Improved Method for the Synthesis of New 1,5-Benzothiazepine Derivatives as Analogues of Anticancer Drugs

Abstract

(±)cis-2-(4-Methoxyphenyl)-3-hydroxy/methoxy-2,3-dihydro-1,5-benzothiazepin-4[5H/5-chloroacetyl/5-(4'-methylpiperazino-1')acetyl]-ones have been synthesized by the condensation of 2-aminobenzene thiols with methyl(±)trans-3-(4-methoxyphenyl)glycidate in xylene. The synthesized compounds have been characterized by elemental analyses and spectral data and screened for their antimicrobial activity.

Introduction

The importance of the 1,5-benzothiazepine nucleus has been well proved as illustrated by a large number of patents, as chemotherapeutic agents, available on it. A number of biological activities have been associated with it, such as antihypertensive [1,2], antiasthemic [2,3], analgesic [4], cardiovascular [5], platelate aggregation inhibitor and Ca antagonist [2]. Recently Ahmed et al [6,7] patented 1,5-benzothiazepine derivatives as potential anticancer drugs.

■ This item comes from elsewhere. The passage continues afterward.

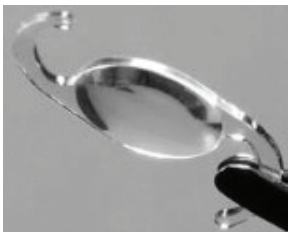
Figure 2: The Lenstec Softec HD Intraocular Lens

An intraocular lens, or IOL, is a plastic replacement lens for your cataract. It works the same as your natural lens. Once your eye surgeon replaces the cataract with the IOL, vision is usually restored within days.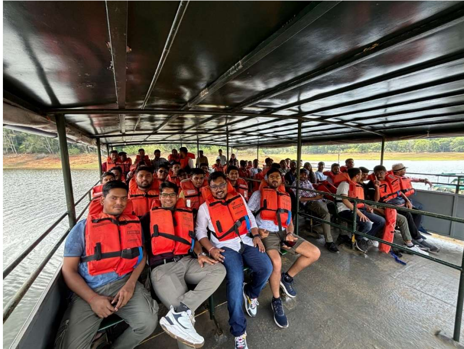
Pic:-Boating in Periyar Tiger Reserve

ii. From Periyar tiger reserve, we proceeded to our next destination Munnar and reached there by 11pm. On the way from Thekkady to Munnar we witnessed many tea, spice and rubber plantations at Spice garden and getting to know about various ayurvedic plants used for treatment of different kind of diseases.

With this in mind, some new 1,5-benzothiazepine derivatives have been synthesized in search of better therapeutic agents, by a convenient single pot method.

Results and Discussion

Synthesis

(±)cis-2-(4-Methoxyphenyl)-3-hydroxy-2,3-dihydro-1,5-benzothiazepin-4(5H)-ones (3) have been synthesized by the condensation of 2-aminobenzenethiols (1) with methyl (±)trans-3-(4-methoxyphenyl)glycidate (2) in xylene at 160°C for 16-20 hrs under a nitrogen atmosphere. Compounds 3 on methylation with dimethyl sulphate and alkali yielded (±)cis-2-(4-methoxyphenyl)-3-methoxy-2,3-dihydro-1,5-benzothiazepin-4(5H)-ones (4). Compounds 4 on treatment with chloroacetylchloride gave (±)cis-2-(4-methoxyphenyl)-3-methoxy-2,3-dihydro-1,5-benzothiazepin-4-(5-chloroacetyl)-ones (5) which in turn afforded (±)-cis-2,3-dihydro-1,5-benzothiazepin-4-[5-(4'-methylpiperazino-1')acetyl]-ones (6), on treatment with N-methylpiperazine. (Scheme 1).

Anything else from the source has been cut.